The Arkansas Legislature convened for the second day of a month-long fiscal session Tuesday to consider state budgetary matters and other issues. Behind the scenes, lawmakers continue to plan possible changes to the state’s private option expansion of Medicaid in an effort to make reauthorizing funds for the program more palatable to many of the Legislature's conservative members. While House and Senate leaders were confident the program for low-income Arkansans can be reauthorized, House majority Leader Bruce Westerman told reporters that he didn't see that happening.
“From the conversations I've had I think there are votes there to not pass the appropriation when it first comes out. You know we'll have to work on some sort of compromise. I don't think the compromise will be how to make the private option better...but a compromise on how we end the private option—setting a date and a pathway to do a controlled wind down,” Westerman, a Republican, said.
Supporters continue to say that the program, which allows poor Arkansans to buy private health insurance with federal Medicaid money, will be reapproved, though under uncertain conditions.
House speaker Davy Carter, a Republican, said there may have to be numerous changes to the private option to garner the needed three-fourths support from both chambers.
“There are a hundred different ideas out there, so those type of things are getting discussed.... But I have seen nothing that is a fundamental change of the nuts and bolts of the private option,” said Carter.
Waiving a requirement to provide non-emergency transportation to participants, tweaking policies on possible Health Savings Accounts and addressing disparities in physician specialist reimbursements by insurance companies are all in the mix as potential changes.
Providers In Delta Region Speak Up On Private Option
Members of the Delta Grassroots Caucus released a report Tuesday, detailing how healthcare professionals in the Delta region of eastern Arkansas maintain broad support for the Private Option.
The Caucus, comprising political, business and social leaders in regions around the Mississippi river, cited Medical Center executives from Eastern Arkansas who said defunding the private option would have a severe financial impact on providers in the area.
Democratic State Representative Mark McElroy, who represents Desha County in Southeast Arkansas agreed with the report.
“In our area it's very rural and [there's] a lot of poverty...Unfortunately we have a lot of people who can't afford to pay for hospital visits and things. And [there's] a lot of uncompensated care. And if this private option fails now, I'm afraid it's going to devastate our rural hospitals,” he said.
On Tuesday The House Rules committee met to review a number of non-appropriations resolutions which require a two-thirds vote to be considered by the rest of the chamber. In the house, several resolutions filed at the start of the session were on the Rules Committee agenda. Few went up for consideration after members of the committee motioned to table most measures unrelated to fiscal matters and Chairwoman Stephanie Malone indicated the committee would not meet again during the session.
However, a nonfiscal measure sponsored by Bruce Westerman to lift the requirement of calling a special election to fill former Lt. Governor Mark Darr's seat advanced. That resolution would allow the seat to remain vacant until after a new Lt. Governor is elected in the November General Election. Darr resigned last month over ethics violations.
Some of the tabled proposals included one by Westerman to create a tax credit for business owners who face a penalty under the Affordable Care Act for not providing their employees with health coverage.
Republican Representative Kim Hammer put forward a measure intended to create a tax credit for individuals buying health plans on the federally-run insurance Marketplace. Hammer said his proposal would target those whose incomes are 139 to 400 percent of the Federal Poverty Level and have had to pay higher premiums for new health plans on the Marketplace.
Republican State Representative Nate Bell of Mena filed a proposal that calls for the legislature to kickstart the introduction of a new U.S. Constitutional Amendment to balance the federal budget. The proposal operates under Article Five of the U.S. Constitution, which allows state legislatures around the country to call for a convention to amend that document. That measure was not brought up in the Rules Committee and is unlikely to be revisited again.
Another proposed measure tabled in committee was one filed by Republican Representative Randy Alexander to establish a 3-year moratorium on implementation of Common Core educational standards for K through 12 students.
Alexander said that he was disappointed the committee did not take up his proposal.

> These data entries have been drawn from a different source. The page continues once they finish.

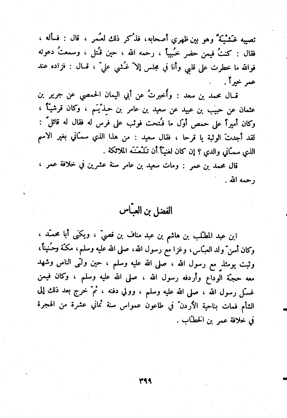 §الْفَضْلُ بْنُ الْعَبَّاسِ بْنِ عَبْدِ الْمُطَّلِبِ بْنِ هَاشِمِ بْنِ عَبْدِ مَنَافِ بْنِ قُصَيٍّ، وَيُكْنَى أَبَا مُحَمَّدٍ، وَكَانَ أَسَنَّ وَلَدِ الْعَبَّاسِ، وَغَزَا مَعَ رَسُولِ اللَّهِ صلّى الله عليه وسلم مَكَّةَ وَحُنَيْنًا، وَثَبَتَ يَوْمَئِذٍ مَعَ رَسُولِ اللَّهِ صلّى الله عليه وسلم حِينَ وَلَّى النَّاسُ، وَشَهِدَ مَعَهُ حَجَّةَ الْوَدَاعِ، وَأَرْدَفَهُ رَسُولُ اللَّهِ صلّى الله عليه وسلم، وَكَانَ فِيمَنْ غَسَّلَ رَسُولَ اللَّهِ صلّى الله عليه وسلم، وَوَلِيَ دَفْنَهُ، ثُمَّ خَرَجَ بَعْدَ ذَلِكَ إِلَى الشَّامِ، فَمَاتَ بِنَاحِيَةِ الْأُرْدُنِّ فِي طَاعُونِ عَمَوَاسَ سَنَةَ ثَمَانِيَ عَشْرَةَ مِنَ الْهِجْرَةِ، فِي خِلَافَةِ عُمَرَ بْنِ الْخَطَّابِ
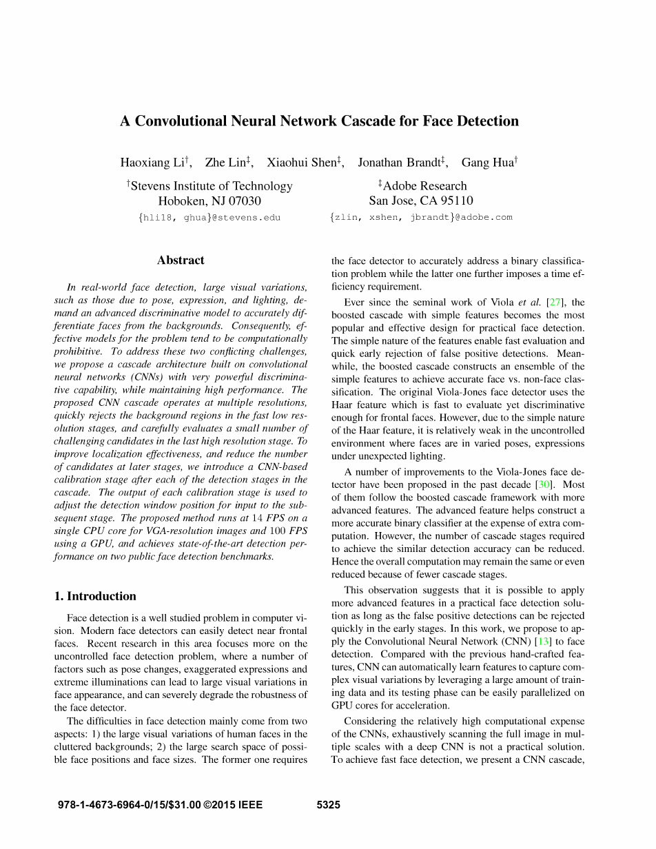在现实世界的人脸检测中,较大的视觉变化,比如由于姿势、表情和光线的变化,需要一种高级的辨别模型来准确区分人脸和背景。因此,问题的有效模型往往难以计算。为了解决这两个相互冲突的挑战,我们提出了一种基于卷积神经网络(CNNs)的级联结构,具有很强的识别能力,同时保持高性能。建议的CNN级联在多个分辨率下运行,快速地拒绝快速低分辨率阶段的背景区域,并在最后一个高分辨率阶段仔细评估少量具有挑战性的候选者。为了提高定位效果,并在后续阶段减少候选的数量,我们在级联的每个检测阶段之后引入一个基于CNN的校准阶段。每个校正阶段的输出用于调整检测窗口的位置,以便输入到后续的阶段。该方法在一个CPU核心上运行14个FPS,用于VCA-resolution图像,100个FPS使用一个GPU,并在两个公开的人脸检测基准上实现最先进的检测性能。
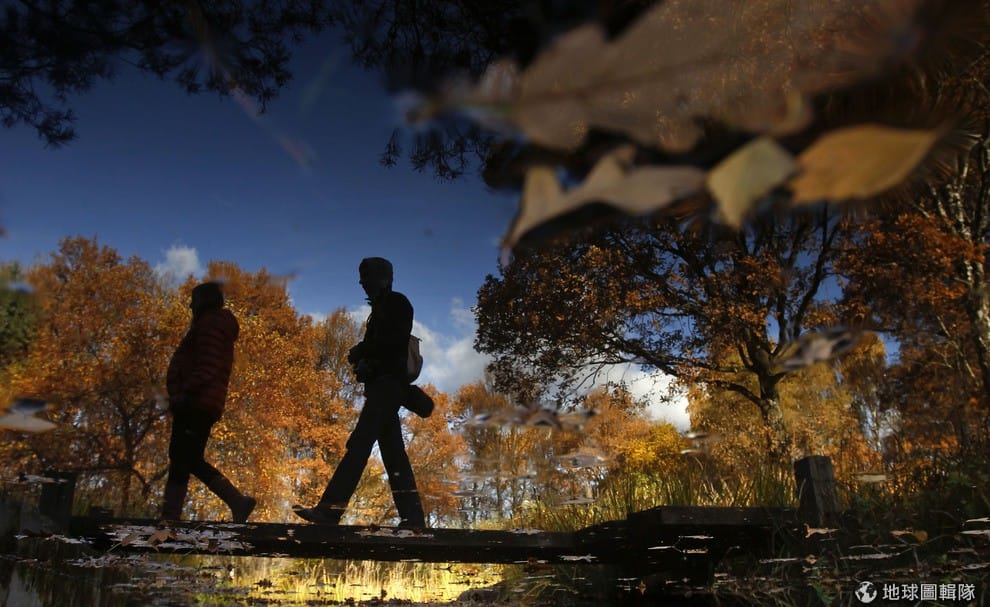 英國的謝菲爾德公園(Sheffield Park Garden)內,清澈的湖水與橘紅綠相間的樹林形成一幅美景。

“There's a process for having an exception to [considering only fiscal matters] if there's enough interest in doing it....but the House and the Senate's not going to get a chance to vote on it. And I think that's wrong,” he said after the meeting. “I talked to a lot of people in the House and the Senate that are opposed to Common Core and wanted to support my amendment.”
Among those observing the House Rules Committee meeting were several members of the group Arkansas Against Common Core. Many said after the meeting adjourned that they were disappointed Alexander's proposal wasn't discussed by the committee.
Alexander says Common Core loosens restrictions on the collecting and sharing of student data. And while it establishes higher standards for Arkansas, he says Arkansas could have looked to other states that had better educational standards already in place. Supporters of the policy say it provides consistent standards to make students ready for college and the workplace.